More toys for the AMPhibian. Steel belly band with an angle iron clamping system instead of bolts through the seam. I didn't like the idea of drilling holes in the plastic so I came up with this system. Also allows it to be removed without leaving holes. Did it in four pieces, bent the front half as a single piece, did the rear half by welding three pieces.
This allowed me to attach a plow system tied into the rear trailer hitch.
Still need to add two 24 Volt linear actuators to raise and lower the blade. More details and pics in my blog. 
http://amp-phibian.blogspot.com/2014/01/time-for-more-upgrades-to-amphibian.html


----------



## toddshotrods (Feb 10, 2009)

JRP3 said:


> More toys for the AMPhibian. Steel belly band with an angle iron clamping system instead of bolts through the seam. I didn't like the idea of drilling holes in the plastic so I came up with this system. Also allows it to be removed without leaving holes. Did it in four pieces, bent the front half as a single piece, did the rear half by welding three pieces...
> 
> This allowed me to attach a plow system tied into the rear trailer hitch...

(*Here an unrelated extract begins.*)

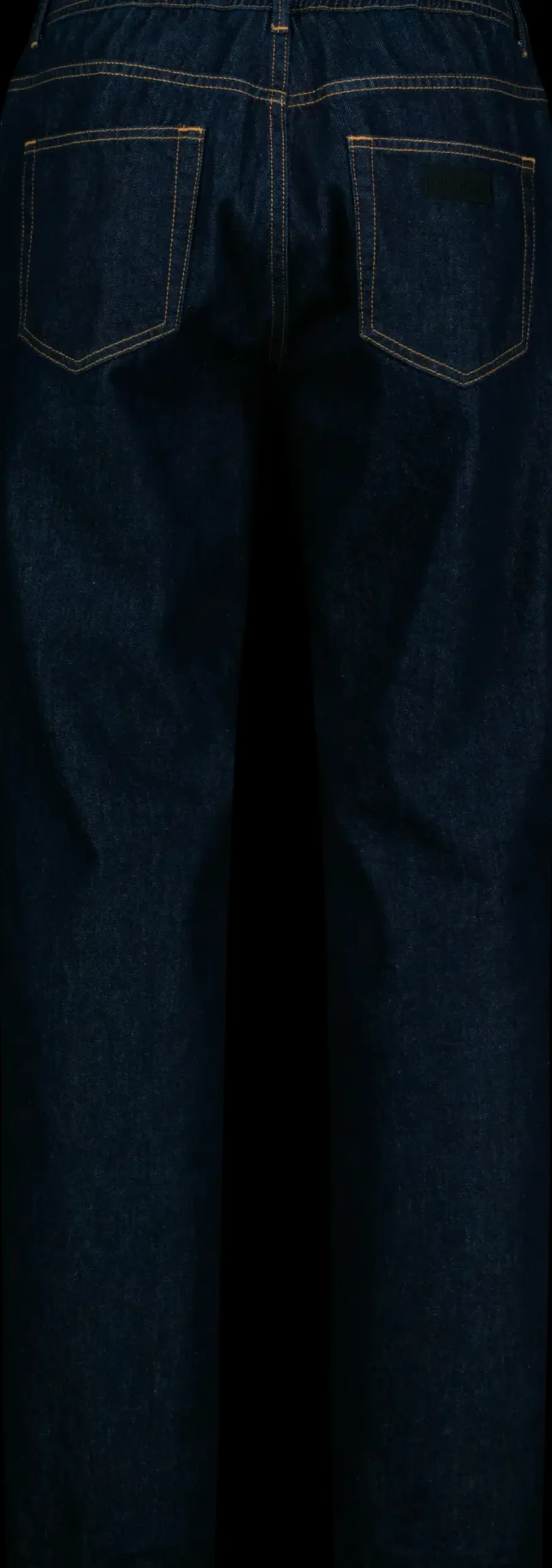 Rennot farkut väljällä mitoituksella ja vyötäröllä kiristysnauha, logo kirjailu takana.

Nice idea. Better keep an eye on whoever was driving though - looks like they were doing donuts to me!


----------



## JRP3 (Mar 7, 2008)

Standard operating procedure with a skid steer in the snow, or mud, dirt, or pavement...


----------



## toddshotrods (Feb 10, 2009)

JRP3 said:


> Standard operating procedure with a skid steer in the snow, or mud, dirt, or pavement...


Kids and their toys...


----------



## elevatorguy (Jul 26, 2007)

JRP3 said:


> Standard operating procedure with a skid steer in the snow, or mud, dirt, or pavement...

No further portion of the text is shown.